Underlying this very tangible, imaginative piety, Ross argues, was the belief that the best way to gain understanding is through experience. Both intuitive emotion and practical imitation infused wisdom into one’s very heart and body, in a way that speculative theology could never do. Spiritual leaders like the 14th-century English mystic Walter Hilton continued to teach—as Francis of Assisi had—that the Christian life must be lived out, practically, by imitating Christ’s example of charity.

Spiritual time travel

The desire for a tangible experience of God’s love has not dissipated with the discovery of the atom or the invention of the automobile. Modern Protestantism has given relatively little attention to our imaginative and emotional lives, yet the century just passed saw a dramatic upsurge of charismatic spirituality.

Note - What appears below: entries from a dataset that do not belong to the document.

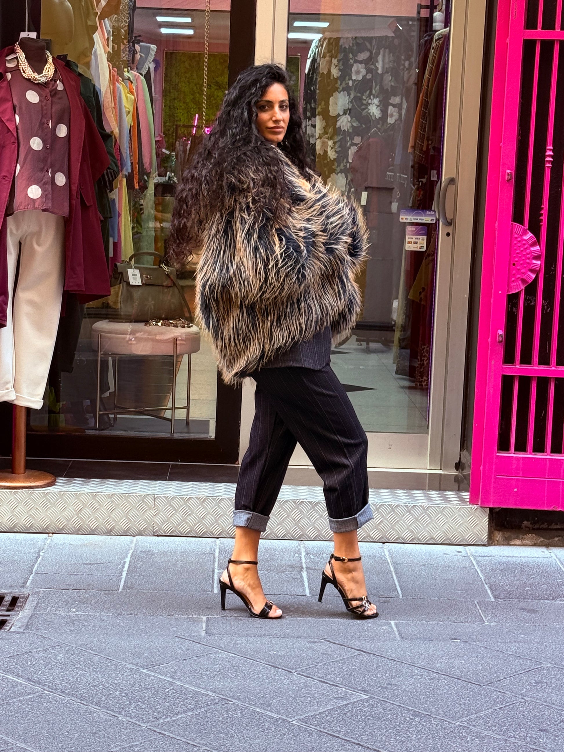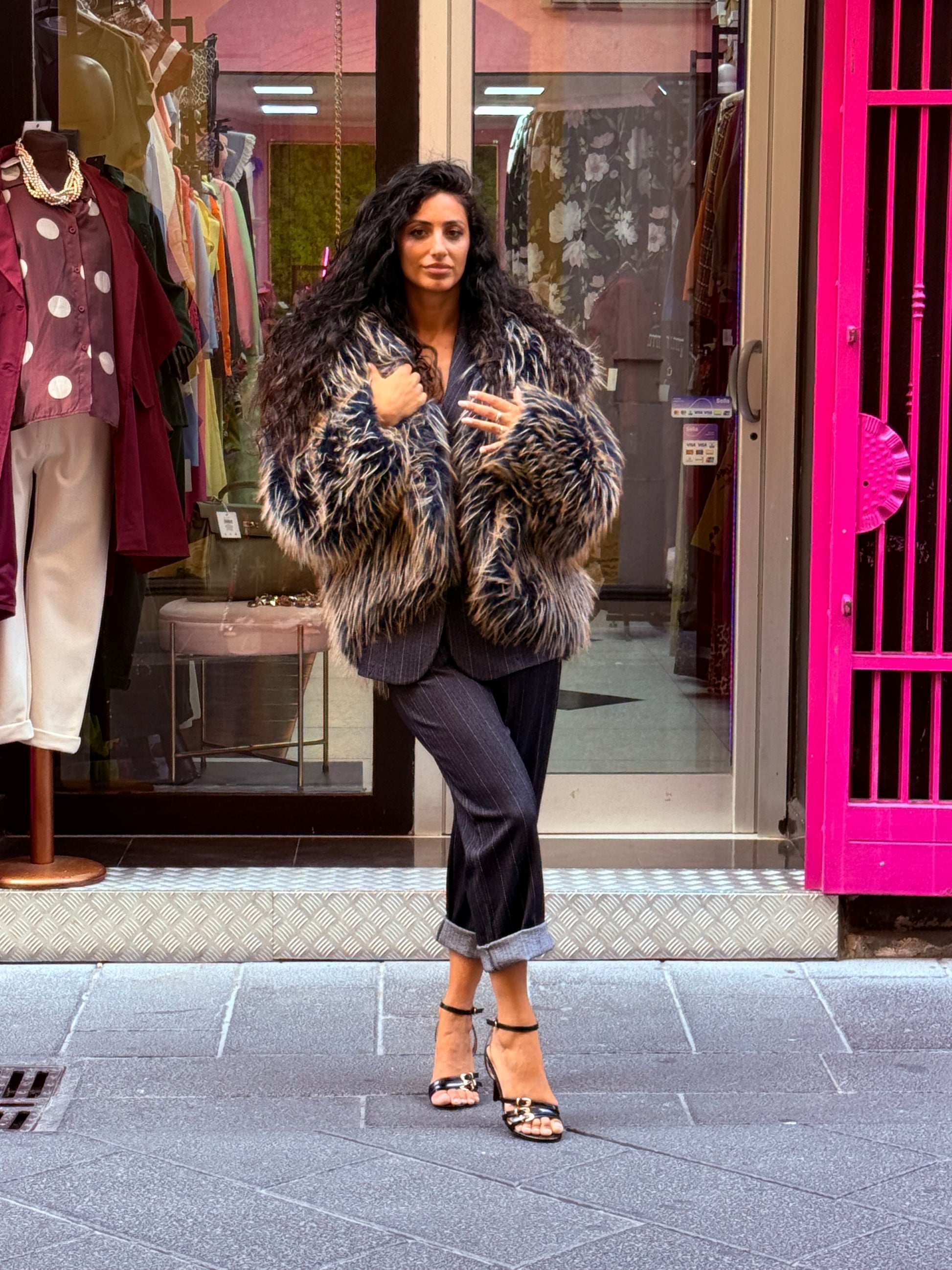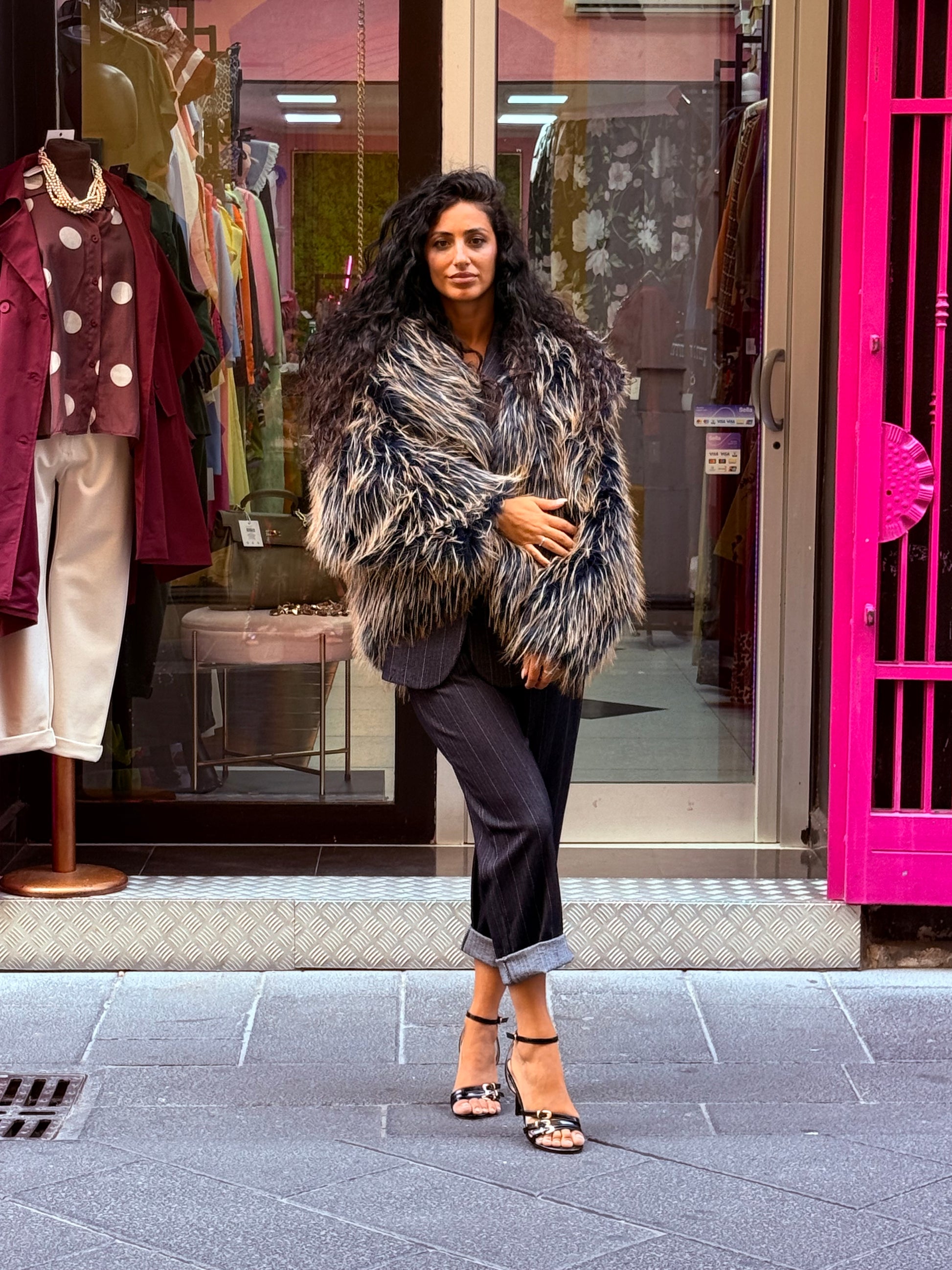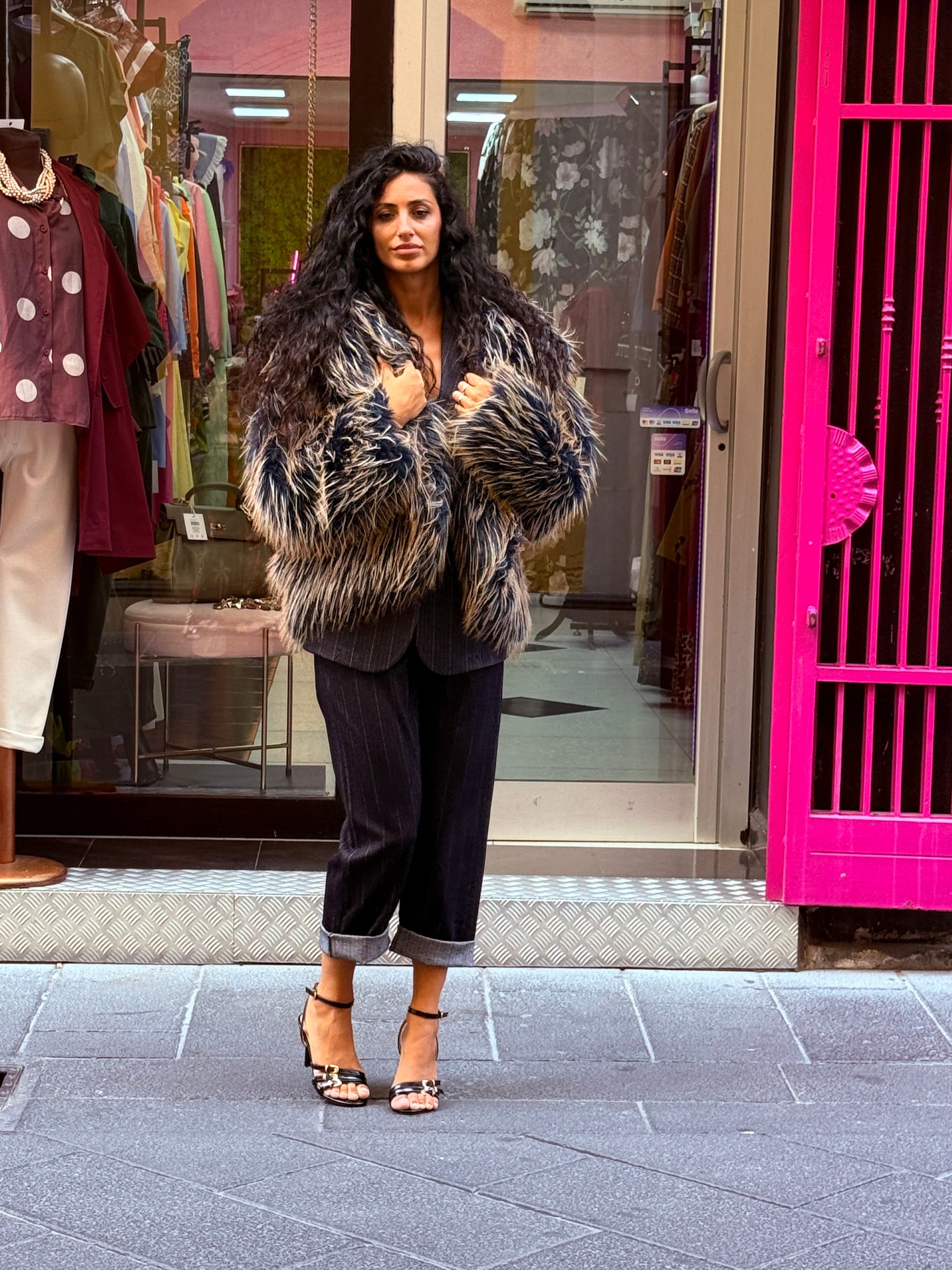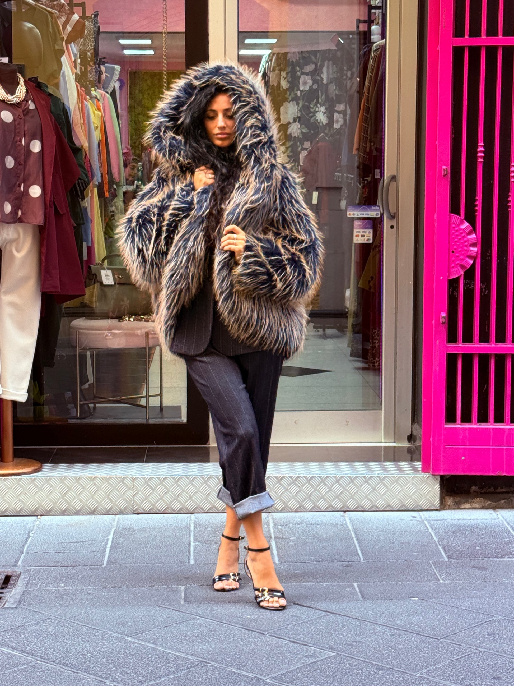 Eco pelliccia con cappuccio taglia unica veste over modello corto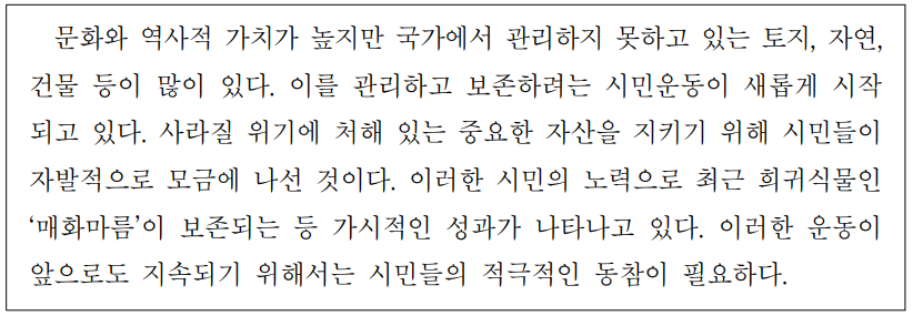 문화와 역사적 가치가 높지만 국가에서관리하지못하고있는토지,자연,건물등이 많이 있다.이를관리하고보존하려는시민운동이새롭게시작되고있다.사라질위기에 처해있는중요한자산을 지키기위해 시민들이 자발적으로 모금에 나선것이다.이러한시민의 노력으로 최근 희귀식물인‘매화마름’이보존되는등가시적인성과가 나타나고있다.이러한운동이 앞으로도 지속되기위해서는 시민들의적극적인동참이 필요하다.※ [35~38]다음 글의 주제로 가장 알맞은것을 고르십시오.(각 2점)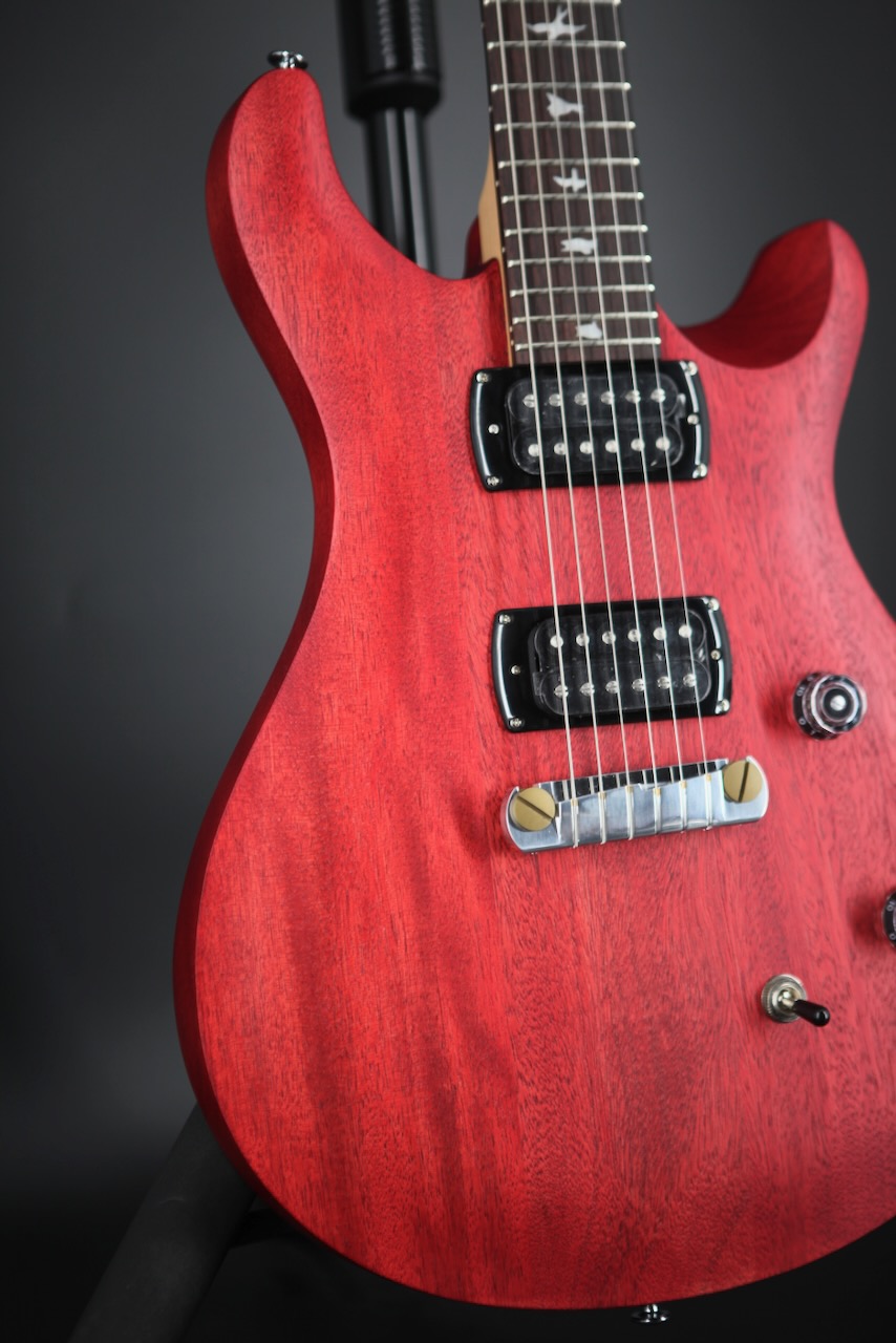 The PRS SE CE24 Standard Stoptail in Satin Vintage Cherry combines the dynamic snap of a bolt-on neck with the warmth and focus of an all-mahogany body, delivering a versatile and reliable instrument perfect for players at any stage. Its thin satin finish enhances resonance and sustain, while the maple neck with a semi-gloss finish offers a smooth, comfortable playing experience. Equipped with 85/15 “S” pickups and a push/pull tone control for coil splitting, this guitar effortlessly covers a wide tonal palette, from classic humbucker growl to crisp single-coil sparkle.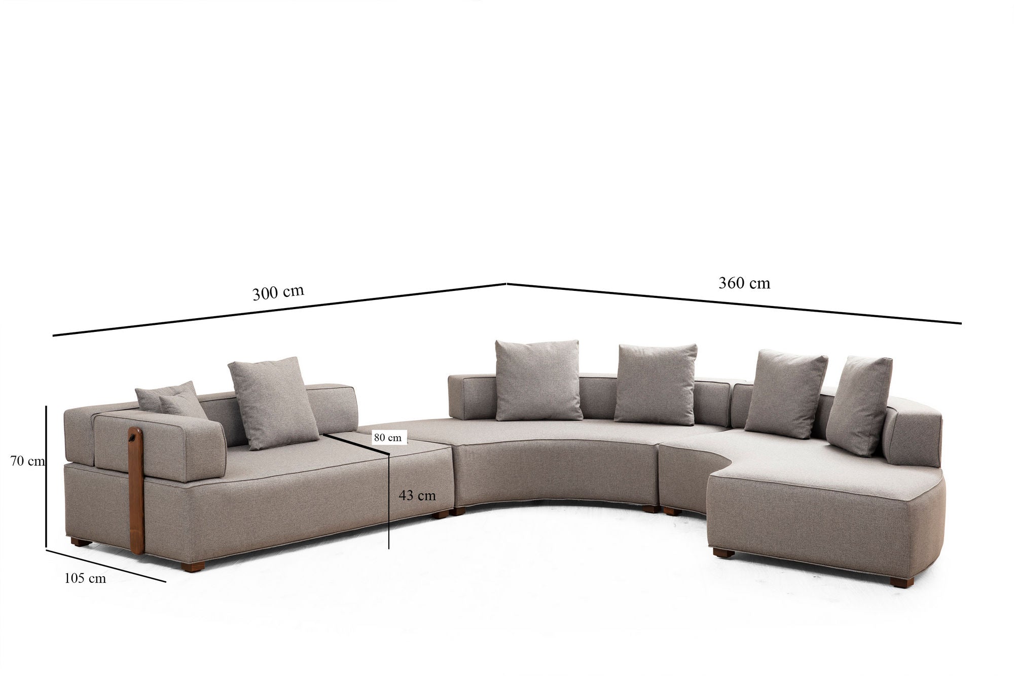 Met zijn royale afmetingen van 360 x 300 cm biedt onze hoekbank voldoende zitruimte voor jou en je gasten. De 7 bijgeleverde kussens, gemaakt van een mix van snipperschuim en siliconenschuim, voegen een extra laag comfort en stijl toe. De chemisch te reinigen stof zorgt voor eenvoudig onderhoud, zodat je bank er jarenlang fris en schoon uitziet.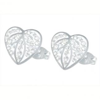 STAINLESS STEEL EARRING IN HEART SHAPE WITH CZALL IN S/S COLOR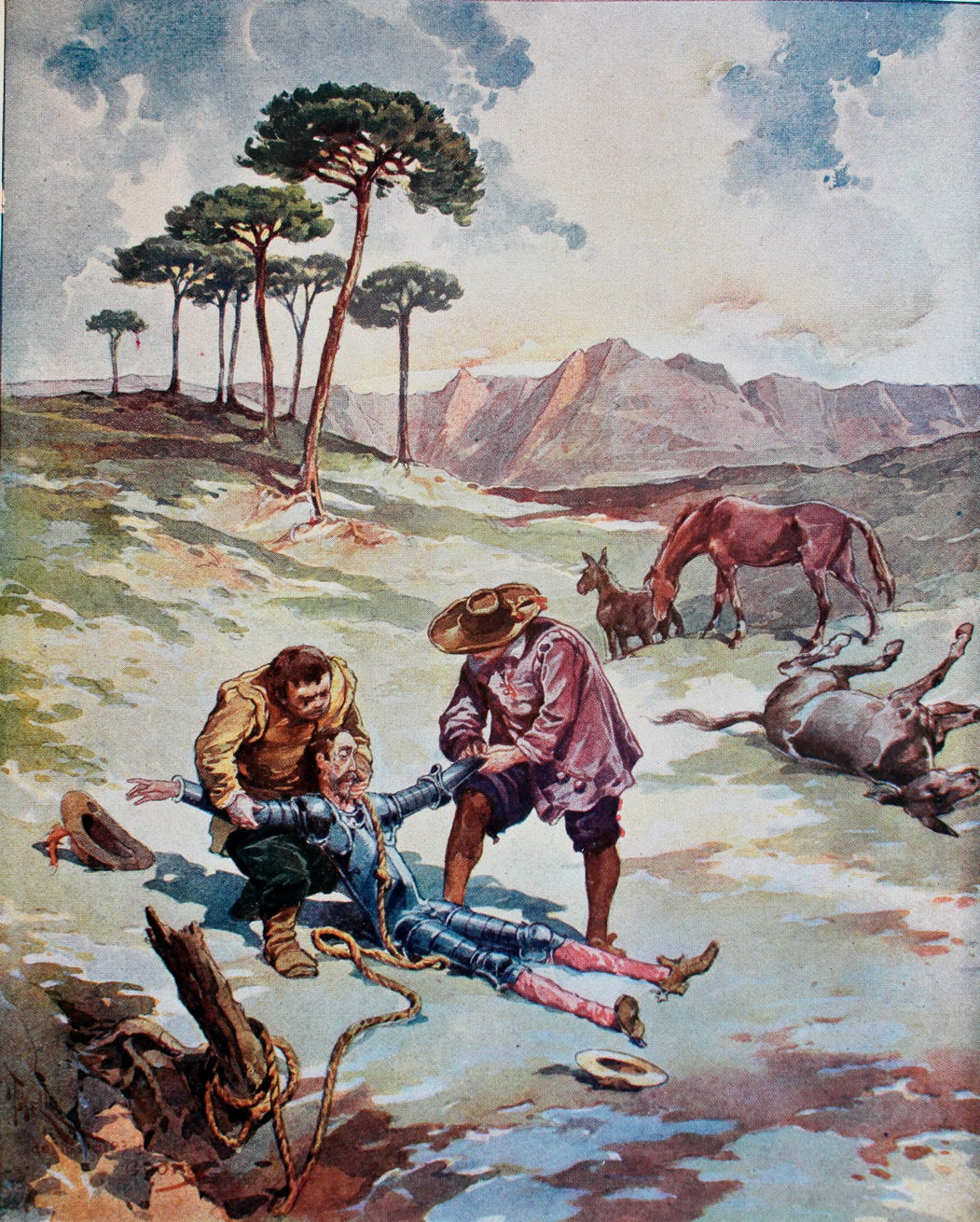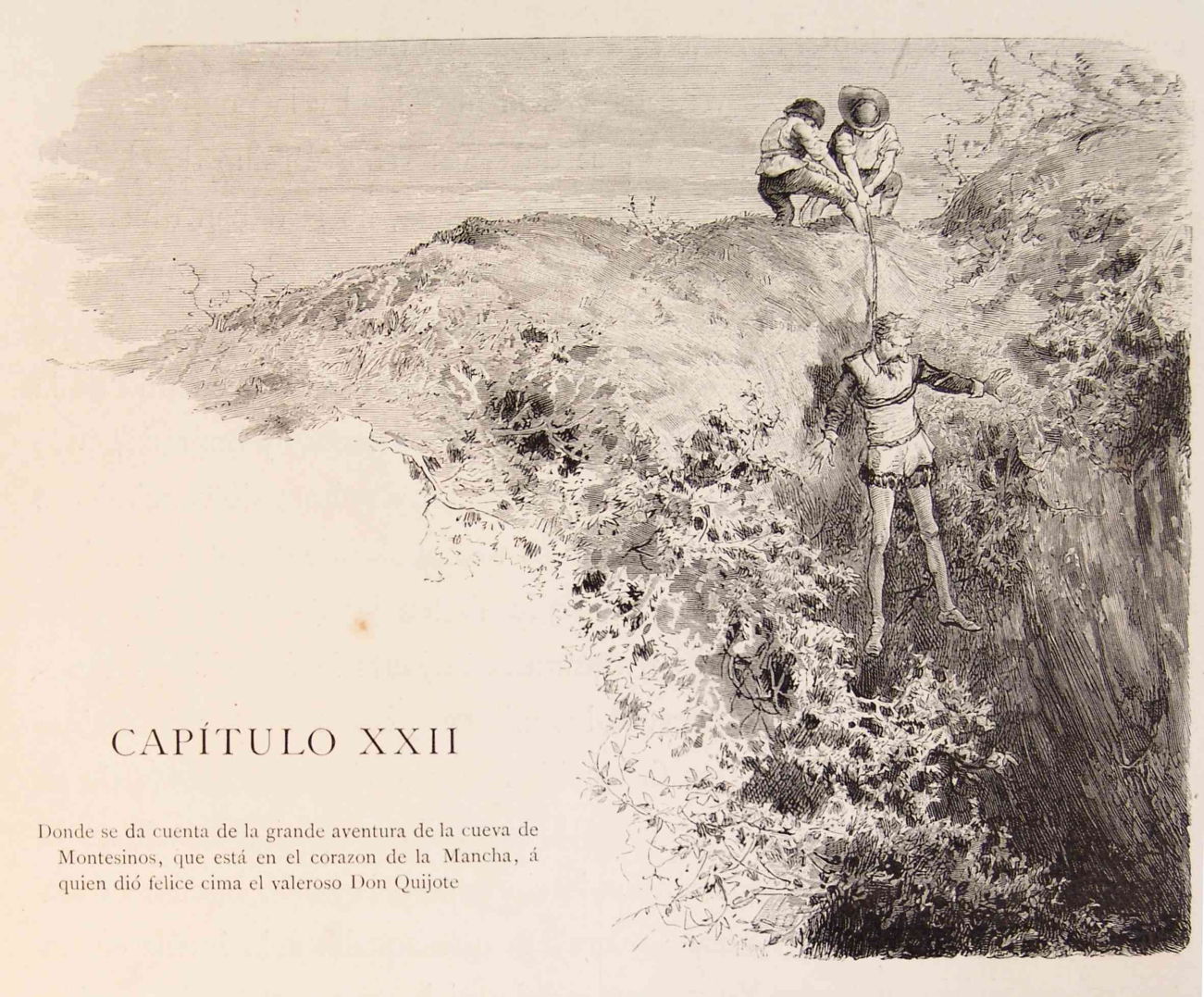 Despite that ill-omen, Sancho and the guide gradually lowered the knight until they couldn’t hear him any more and they had run out of rope. They waited half an hour before starting to haul the rope back in. At first it came easily, until they reached the point where they were pulling up the knight’s weight. He remained unusually silent, and when they pulled him out at the top he appeared to be asleep. They untied him and eventually managed to wake him up.

With its devotion to the person of Jesus, its impassioned worship, and its physical experiences of God’s intimate presence (tongues and “slaying in the Spirit”), this movement first sprung at the turn of the 20th century in a poor, multiethnic Los Angeles neighborhood, from a root in Wesleyanism’s “religion of the heart.” Then at mid-century it reemerged in mainstream Christianity—springing first from the Anglican and Roman Catholic confessions, with their sacramental and historical traditions.

But you don’t have to be a charismatic to awaken your imagination and your senses in devotion to Christ. Those who feel a lack in this area could do worse than to take Mel Gibson’s cue, and begin a time-traveling “spiritual research trip” to the roots of Cross-centered piety.

Not everything you find there will be helpful. Few of us will wish to emulate certain Irish monks by standing for long periods in a bucket of ice water, arms outstretched in a cruciform position. But it couldn’t hurt, with Martin Luther, to “look to the wounds of Jesus” to “comprehend the visible and manifest things of God seen through suffering and the Cross.”

Chris Armstrong is managing editor of Christian History, a CT sister publication.